The government had also faced flak over the back series data on the base year of 2011-12, after a National Statistical Commission report of 2018 showed double-digit growth during some years of the UPA government. The government had promptly junked that report and replaced it with its own back series data, lowering the GDP growth rate of that period.

It is in the backdrop of such criticism that the Union government’s two decisions to address the issue should be viewed appreciatively. The first is the establishment of a Standing Committee on Economic Statistics by the Ministry of Statistics and Programme Implementation, to be headed by noted economist Pronob Sen and having 28 members — 10 non-official and others official. Sen is India’s first Chief Statistician. Among the members are three of those that had signed the letter slamming the government for fudging economic figures and alleging political interference. The panel subsumes four existing committees on similar matters and will have the mandate to review key economic data and trends. It will be also be tasked with reviewing periodic labour force survey, annual surveys of industry and the unorganised sector, economic census etc.

The second welcome step the government has taken is to initiate the process of giving statutory status to the National Statistical Commission. A draft legislation has already been put in the public domain to invite feedback from the public and other stakeholders. The Draft National Statistical Commission Bill, 2019, “seeks to constitute a National Statistical Commission (NSC) as the nodal regulatory body for all principal statistical activities of the country”. The commission, according to the draft Bill, will be headed by a chairman and have nine members (five full-time), including the Reserve Bank of India Deputy Governor and the Chief Economic Advisor to the Union Ministry of Finance. The members will be selected on the recommendations of a search committee constituted by the government.
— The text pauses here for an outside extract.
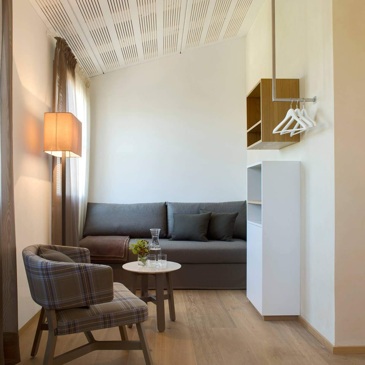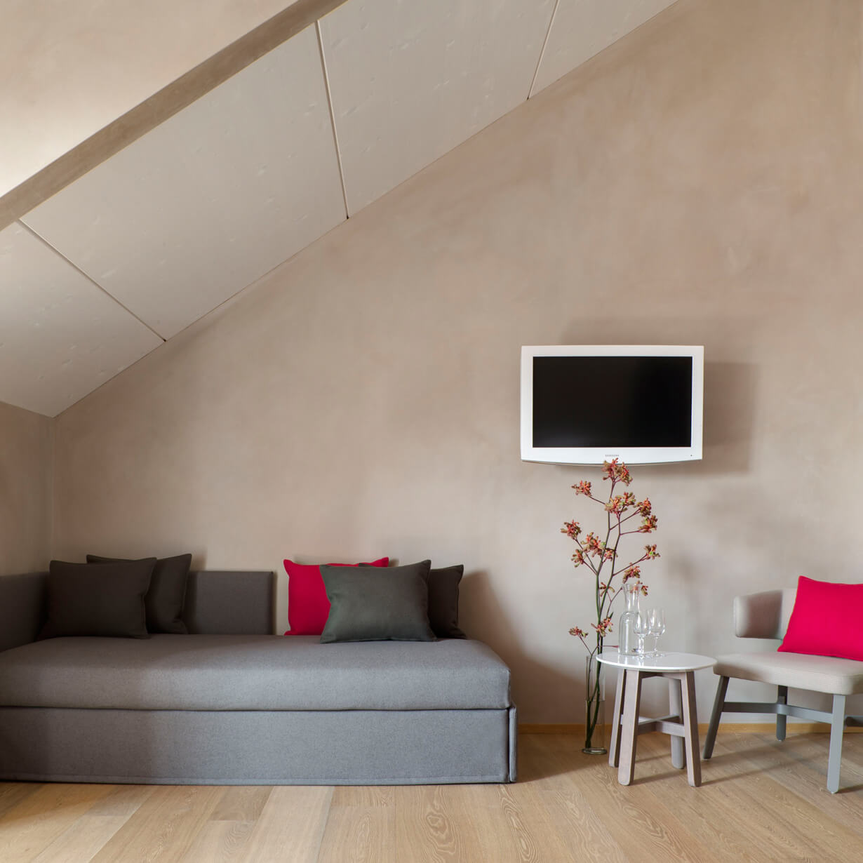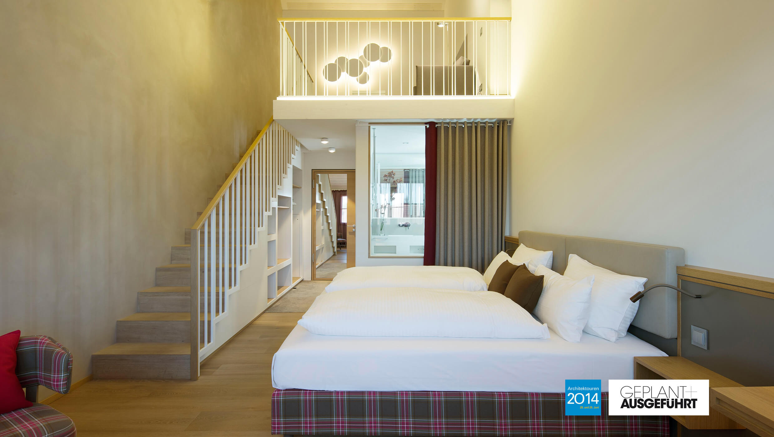 Der Ausbau der Zimmer ist geprägt durch natürliche Materialien wie geölte Holzböden und Lehmbauwände.
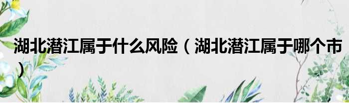 大家好,小活来为大家解答以上的问题。湖北潜江属于什么风险,湖北潜江属于哪个市这个很多人还不知道,现在让我们一起来看看吧!

The NSC, once given the regulatory authority, will “advise Central and State governments, courts and tribunals on matters relating to government statistic”. This would include the evolution of national policies, legislative measures, and laying standards for statistical concepts and methodologies. Periodic audits of surveys would be conducted by the National Statistical Audit and Assessment Organisation which will be set up within the NSC and headed by a Chief Statistical Auditor to be appointed by the government. A National Statistical Fund shall also be constituted, which will include resources received by the NSC through government grants, fees and charges, “and any other sources decided by the Central government”. The Bill also gives powers to the commission to “warn, caution or censure a government agency if (i) it does not comply with the standards of statistical ethics, or (ii) any person engaged in government statistics commits professional misconduct, making a false or misleading statement or material omission in any information furnished to the NSC”.

There are indications that the government wishes to set to rest the various controversies through this decision. The legislative backing will accord a level of autonomy to the commission and insulate it from government interference. There will also be financial autonomy which will help the NSC to discharge its functions with a great amount of independence. Besides, strict measures have been included to discourage false or misleading data. Unfortunately, there have been skeptical voices over the Bill, with dissenters claiming that the government would still have, according to the Bill’s provisions, control over the commission since the Bill says that the government would have the final say, regardless of the commission’s opinions.

But then, it must be kept in mind that while the NSC is sought to be a statutory regulatory authority, it remains advisory in nature and the government — this or any other — will retain the right to exercise its discretion. In itself, the provision does not necessarily dilute the importance or independence of the commission. The Bill is a major step towards empowering the NSC which was set up in June 2005 based on the recommendations of the Rangarajan Commission. The Rangarajan panel had been established back in January 2000 under the chairmanship of C Rangarajan to review the entire gamut of the official statistical system in the country. Among the key recommendations in its report submitted to the Union government in August 2001, was the creation of a national commission on statistics to serve as a nodal and empowered body for all core statistical activities conducted in the country. It suggested that the NSC be initially set up through a government order — and given a more permanent stature thereafter. The proposed statutory status will at the very least reduce the government’s grip on the NSC and make the commission effectively transit from executive control to legislative accountability.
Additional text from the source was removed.